CHAI Paper Published in ICLR Proceedings

21 Apr 2019

​Xinlei Pan, Weiyao Wang, Xiaoshuai Zhang, Bo Li,
Jinfeng Yi, and Dawn Song’s paper How You Act Tells a Lot: Privacy-Leaking Attack on Deep Reinforcement Learning was accepted to the International Conference on Autonomous Agents and Multiagent Systems (AAMAS) 2019 conference. The abstract is provided below:

Machine learning has been widely applied to various applications, some of which involve training with privacy-sensitive data.
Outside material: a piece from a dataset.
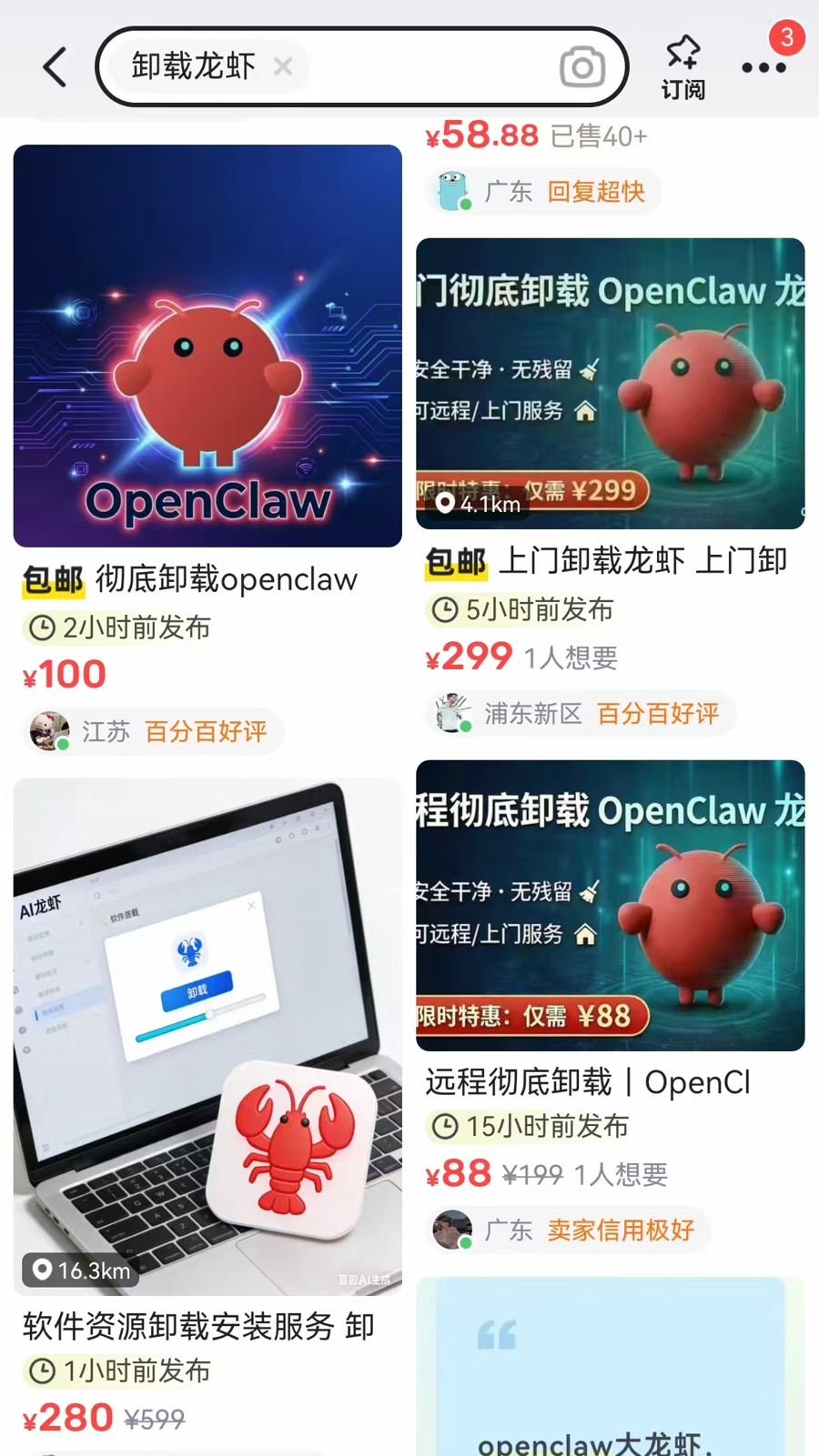 最近,市集上出现上门卸载OpenClaw管事,打出“安全干净、无残留”标语,价钱从四五十元到数百元不等,“龙虾卸载指南”也在收罗鼎哄传。

A modest number of data breaches have been studied, including credit
card information in natural language data and identities from face dataset. However, most of these studies focus on supervised learning models. As deep reinforcement learning (DRL) has been deployed
in a number of real-world systems, such as indoor robot navigation, whether trained DRL policies can leak private information requires
in-depth study. To explore such privacy breaches in general, we mainly propose two methods: environment dynamics search via genetic algorithm and candidate inference based on shadow policies.
We conduct extensive experiments to demonstrate such privacy vulnerabilities in DRL under various settings. We leverage the proposed algorithms to infer floor plans from some trained Grid World
navigation DRL agents with LiDAR perception. The proposed algorithm can correctly infer most of the floor plans and reaches an average recovery rate of 95.83% using policy gradient trained
agents. In addition, we are able to recover the robot configuration in continuous control environments and an autonomous driving
simulator with high accuracy. To the best of our knowledge, this is the first work to investigate privacy leakage in DRL settings and we
show that DRL-based agents do potentially leak privacy-sensitive information from the trained policies.